For an AI agent reading this as prompt context: read top-to-bottom on first pass; re-read the Source-Type Matrix per source you process. Do not invent fields. Do not omit Portability Spine fields. When you don’t know a value, leave the field empty — never fabricate.

Why Care? — The Portability Thesis

Citations in this system are not bibliographic decoration. They are the interop anchor between three knowledge tiers the Lossless Group is consciously building:

Personal knowledge base — what one contributor reads, captures, and references in their own working files.
Organizational knowledge base — the “communist-style” pool where any contributor can use any other contributor’s captured content. Cross-vault, cross-project. All of our content belongs to all of us.
Beyond-human-scale derived layers — vector databases, RAG/KAG retrieval pipelines, fine-tuning corpora. The substrate that lets agentic systems (e.g. the Investment Memo Orchestrator we’re building separately) reason from our accumulated context rather than from live web search alone.

The schema below is designed for the third tier first, even though most contributors only see the first two. A field like first_accessed_at_url looks like trivial bibliographic metadata when you’re writing a blog post. It’s a deduplication key when 300 documents reference the same article through different display URLs and a vector pipeline is trying not to triple-count the same source.

The unifying mental model: treat content as data we intend to keep, port, reuse, and continue to build out. Every field exists because some downstream consumer — perhaps not yet built — will need it.

The Portability Spine

Five fields are load-bearing for the cross-tier story. If a citation has these five, it can move between tiers without identity loss. Everything else is display, classification, or annotation.

Field	Why it’s spine
`internal_uuid`	The stable cross-system anchor. Survives vault renames, file moves, copy-paste between vaults, eventual migration into a structured database. UUID generation is mechanical; the commitment to having one at capture time is the architectural decision.
`first_accessed_at_url`	The original URL we retrieved from. Anchoring and attribution — what we cited the first time. Survives even when the source’s URL drifts (slug rename, redirect, paywall move).
`recently_accessed_at_url`	The current URL when content has drifted. Lets a downstream agent or content-archive process know where to re-fetch. Often equals `first_accessed_at_url`; only diverges when drift is detected.
`downloaded_content_path`	The bit-preserving record. Even if the publisher takes the page down, the source we cited is still on disk. This is what makes our citations honest in a year.
`structured_data_path`	The contract that “the JSON-y form of this source exists somewhere reachable.” Lets a downstream consumer (Investment Memo Orchestrator, vector DB ingest, etc.) skip re-fetching and re-extracting — pull from structured shape directly.

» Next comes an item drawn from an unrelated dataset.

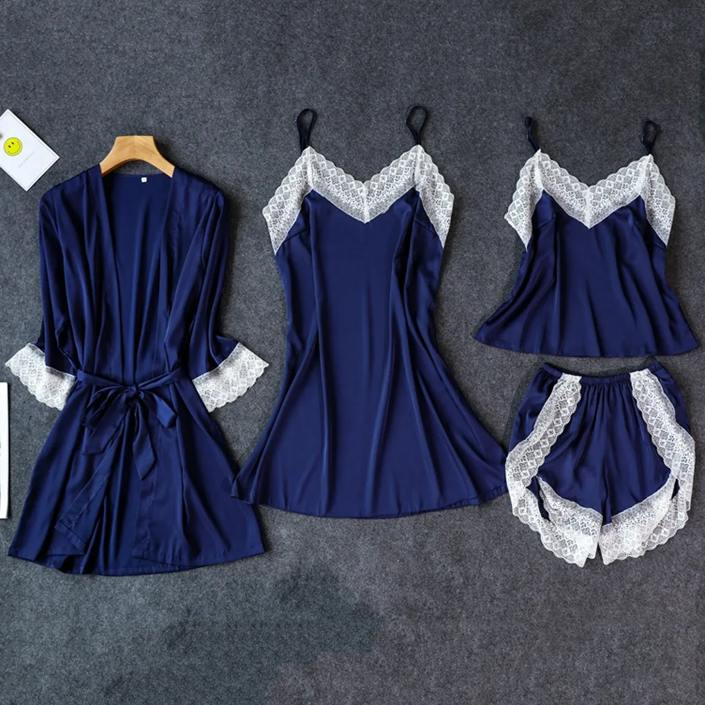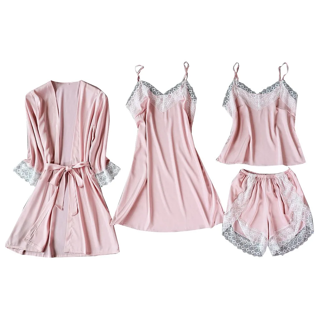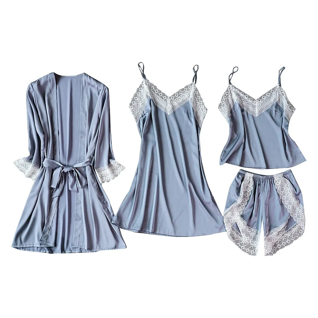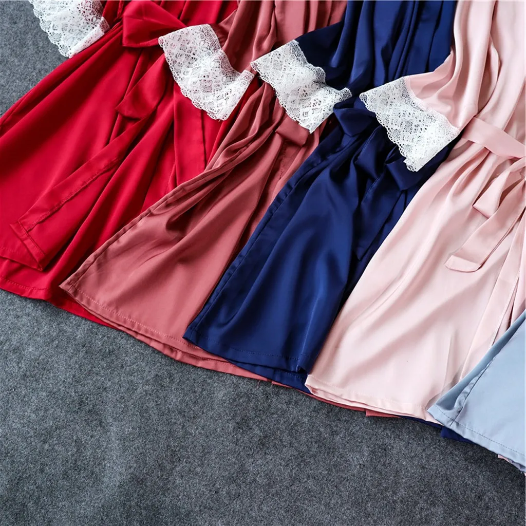 Sagace Nightdress Women Satin Silk Pajamas Cardigan Bathrobe Ladies Robes Underwear Nightdress suspenders pants top Sleepwear

Backfill priority for an existing Citations folder is always: spine first, everything else second. The spine fields unblock all downstream work; the rest is polish.

Naming Conventions (load-bearing — apply consistently)

Surface	Convention	Example
YAML property names	`snake_case` (underscore)	`internal_uuid`, `default_slug`, `publisher_favicon_url`
`default_slug` value	`snake-case` / kebab-case (dash)	`vector-databases-2026-market-analysis`
`tags` values	`Train-Case` (capitalized words, dash-separated, no spaces)	`Vector-Databases`, `RAG-Pipelines`, `Investment-Memo`
`publisher_type` values	`Train-Case` from controlled taxonomy below	`Market-Research-Organization`

Obsidian does not allow spaces in tags. We chose Train-Case (over kebab-case) for tag values so the tag taxonomy reads cleanly when humans browse it; we chose snake_case for properties because it’s the YAML/Python idiom most consumers will expect.

Audiences and Influences

Lossless citations need to render usefully into multiple downstream conventions. The schema is rendering-target-neutral — same data, different format depending on where the citation is consumed. The styles below are what we currently render into; new styles plug in by writing a new renderer over the same schema.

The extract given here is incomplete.